> _Exercise directions_:
Please, without any pictures, set down exactly the part of the listing below that opens with the line containing "- Габариты ниши" and closes with the line containing "- (1) on the".

Available data: Begin

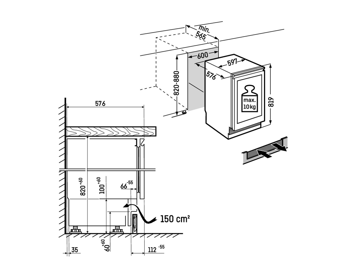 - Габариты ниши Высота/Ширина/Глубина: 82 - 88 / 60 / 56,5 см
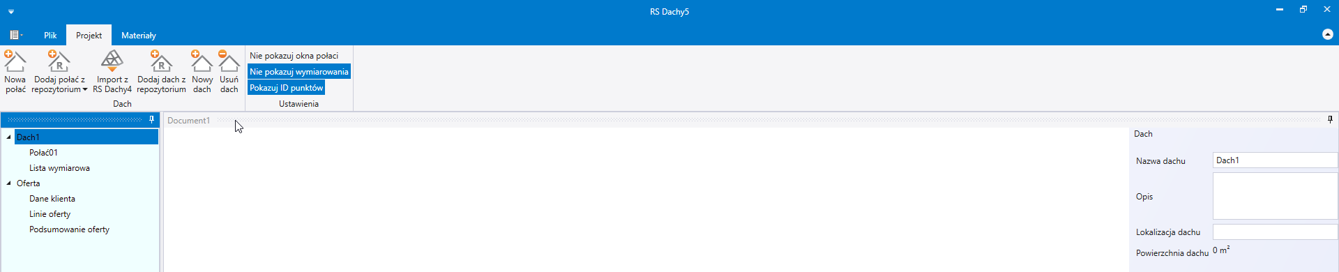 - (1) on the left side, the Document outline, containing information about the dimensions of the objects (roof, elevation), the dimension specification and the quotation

Available data: End
Available data: Begin

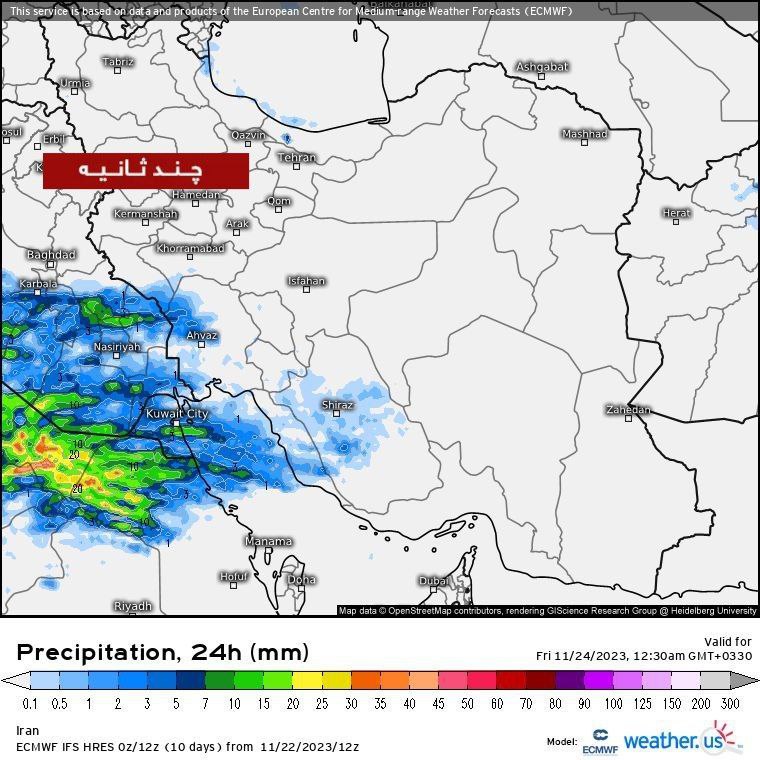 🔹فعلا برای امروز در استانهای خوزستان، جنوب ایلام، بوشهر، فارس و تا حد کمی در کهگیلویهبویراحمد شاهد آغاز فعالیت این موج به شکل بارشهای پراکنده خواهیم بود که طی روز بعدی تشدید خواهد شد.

Available data: End
Available data: Begin

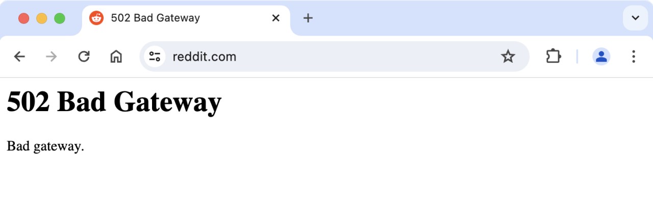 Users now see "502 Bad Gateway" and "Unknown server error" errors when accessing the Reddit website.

Available data: End

> _Task solution_:
 - Габариты ниши Высота/Ширина/Глубина: 82 - 88 / 60 / 56,5 см
 - (1) on the left side, the Document outline, containing information about the dimensions of the objects (roof, elevation), the dimension specification and the quotation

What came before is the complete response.